Let Thy blessing rest upon our country. Grant unto us all a fixed and strong determination never to cease our efforts until our glorious Union shall be fully re-established.

Around the remains of our loved President may we covenant together by every possible means to give ourselves to our country's service until every vestige of this rebellion shall have been wiped out, and until slavery, its cause, shall be forever eradicated.

Preserve us, we pray Thee, from all complications with foreign nations. Give us hearts to act justly towards all nations, and grant unto them hearts to act justly towards us, that universal peace and happiness may fill our earth. We rejoice, then, in this inflicting dispensation Thou hast given, as additional evidence of the strength of our nation. We bless Thee that no tumult has arisen, and in peace and harmony our Government moves onward; and that Thou hast shown that our Republican Government is the strongest upon the face of the earth. In this solemn presence, may we feel that we too are immortal! May the sense of our responsibility to God rest upon us; may we repent of every sin; and may we consecrate anew unto Thee all the time and all the talents which Thou hast given us; and may we so fulfil our allotted duties that finally we may have a resting-place with the good, and wise, and the great, who now surround that glorious throne! Hear us while we unite in praying with Thy Church in all lands and in all ages, even as Thou hast taught us, saying-Our Father, &c.

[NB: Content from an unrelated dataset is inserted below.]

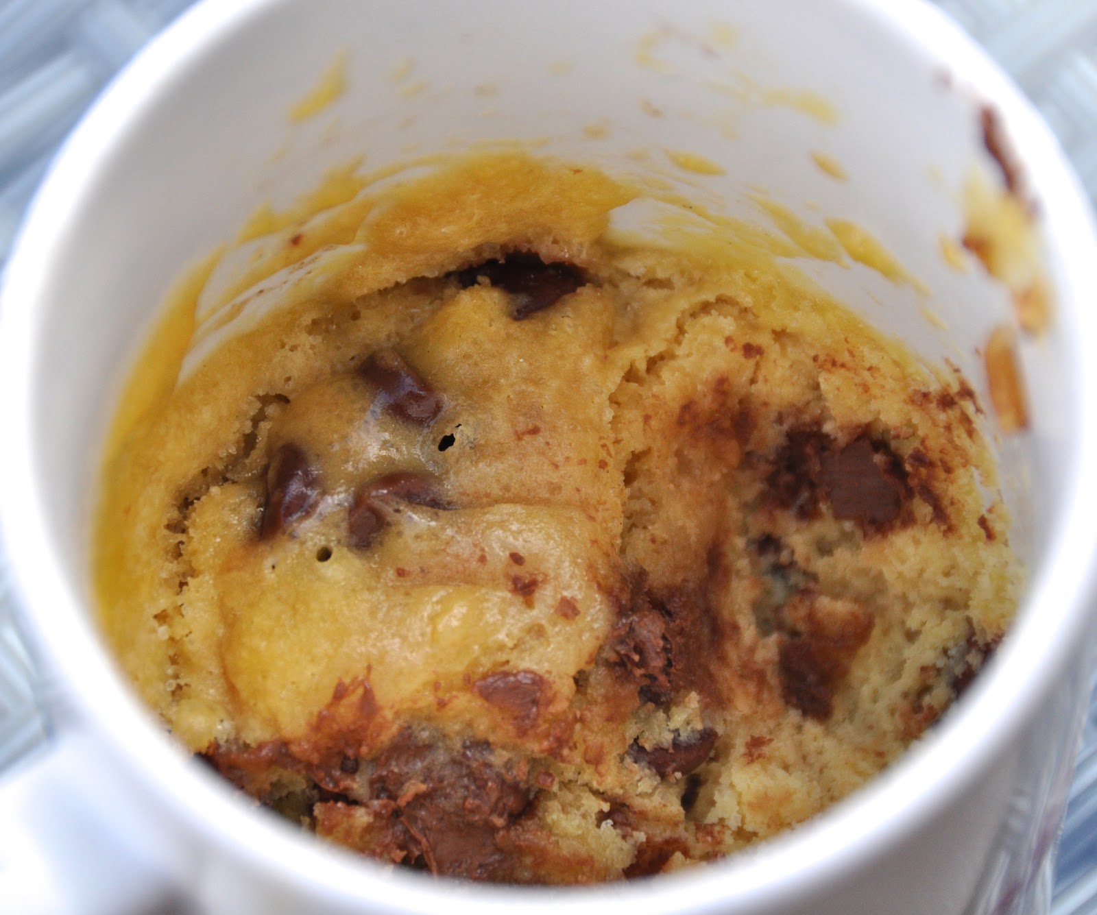 It’s midnight, and your stomach growls. It’s craving one of those warm, soft cookies scattered with bits of chocolate. What to do? What to do? You make this recipe. It literally takes less than a minute to put together (if you’re fast) and even less to cook and eat. My favorite part about this cookie is that it actually tastes incredibly good- like a choc chip cookie right out of the oven. There are a few requirements: You must own a microwave, NOT have high cholesterol, and NOT be on a diet. It’s loaded- but seriously… it’s midnight; who cares?

The funeral oration was delivered by Rev. P. D. Gurley, D. D., pastor of the New York Avenue Presbyterian Church, which Mr. Lincoln and his family were in the habit of attending.

FAITH IN GOD:

A SERMON ON THE DEATH OF THE PRESIDENT,

Preacted in the East Room of the Executive Mansion, April 19th, 1865, by the Rev. P. D. GURLEY, D.D., Pastor of the New York Avenue Presbyterian Church, Washington, D. C.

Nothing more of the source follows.